Constipated? In the early 19th century, the apothecary would most likely have prescribed you calomel, or mercurous chloride, as a purgative, regardless of its toxicity. Because it worked. It was also useful as an insecticide.
This was the sort of thing being concocted at the Apothecaries’ Hall in Blackfriars, then a major center for drug manufacturing in London, says Anna Simmons, a historian of science at the Open University in Milton Keynes. It was also common for patients with chronic skin infections to walk away with a dose of arsenic, she says.
While most drug manufacturing was still shop-based, the Society of Apothecaries had set up a state-of-the-art laboratory that was a major site of chemical activity in London.
The laboratory was filled was with fires and furnaces; its steam laboratory contained vats of exotic plant juices; the mill house used steam power to grind up drugs; and there was a test room for the analysis of finished products, from plant tinctures to the mercury-based calomel.
Its customers included members of the Society, the British Navy and government organisations, while its drugs ended up in nearby St Bartholomew’s Hospital and as far away as India and Australia.
The original Hall was Cobham House, purchased in 1632 but it was destroyed in the Great Fire of London in 1666. It was rebuilt shortly thereafter and restored in 1780. Its Great Hall, Court Room and Parlour remain the same as it was after it was reconstructed between 1668 and 1670.

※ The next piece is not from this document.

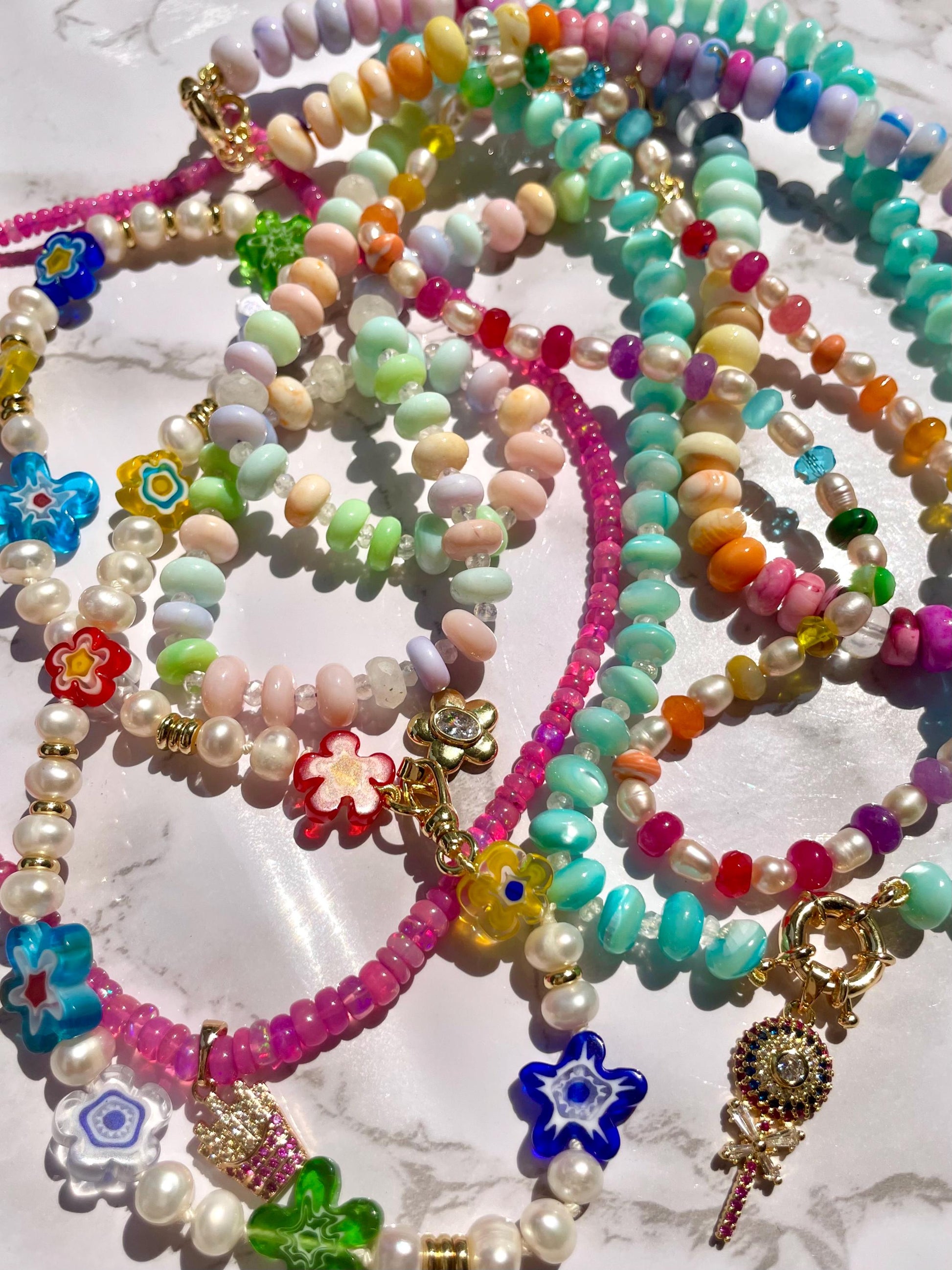 Hot pink graduated opals finished with 14k gold filled findings and pink french fry charm. Happy to remove the charm, I just love it!
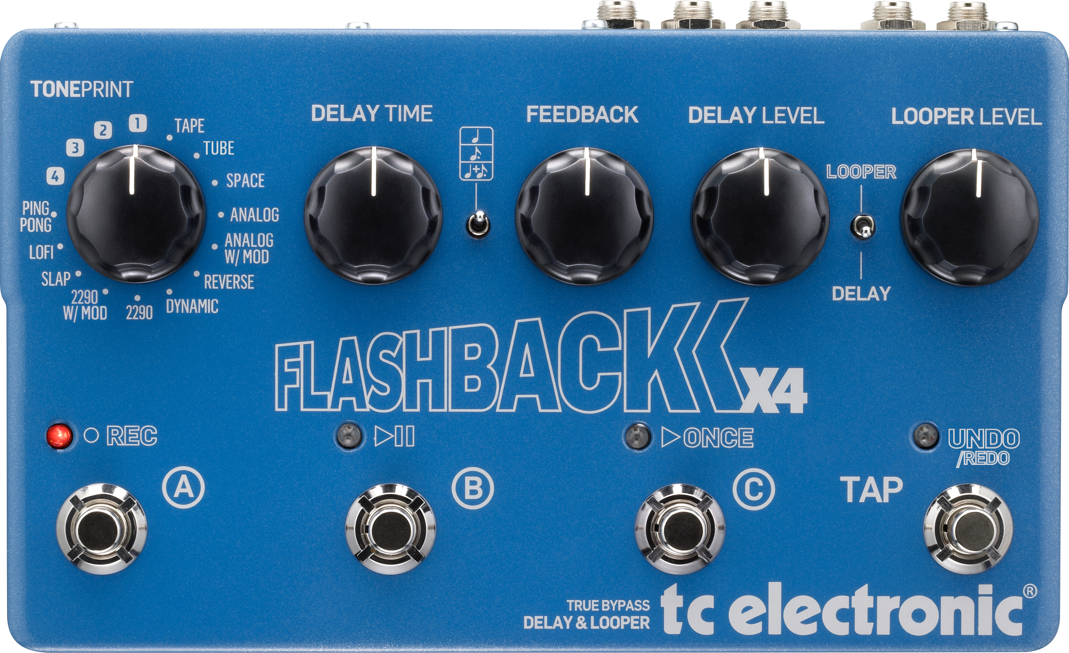 TC Electronicin uusi Flashback X4 (katuhinta noin 260 €) on hyvin suositun pienikokoisen Flashback-pedaalin isoveli. Pikkupedaalin erinomaista äänenlaatua on luonnollisesti pidetty ennallaan myös uutuudessa, mutta X4 tarjoaa sen lisäksi muutaman uuden efektityypin (ja peräti neljä TonePrint-paikkaa), kolme muistipaikkaa omille asetuksille, sekä neljä jalkakytkintä, jotka helpottavat työskentelyä etenkin 40 sekunnin loopperin kanssa.

The Apothecaries' retail pharmacy, which had been located on the northern side of the courtyard, gained a separate entrance on Water Lane (now Black Friars Lane) in 1823. Its steps and wrought-iron railings are still evident.
Although the laboratory closed in 1922, and in spite of the dangerous products it sometimes produced, the Society of Apothecaries' activities supplying large quantities of drugs to customers throughout the world made it the first multi-national pharmeceutical company.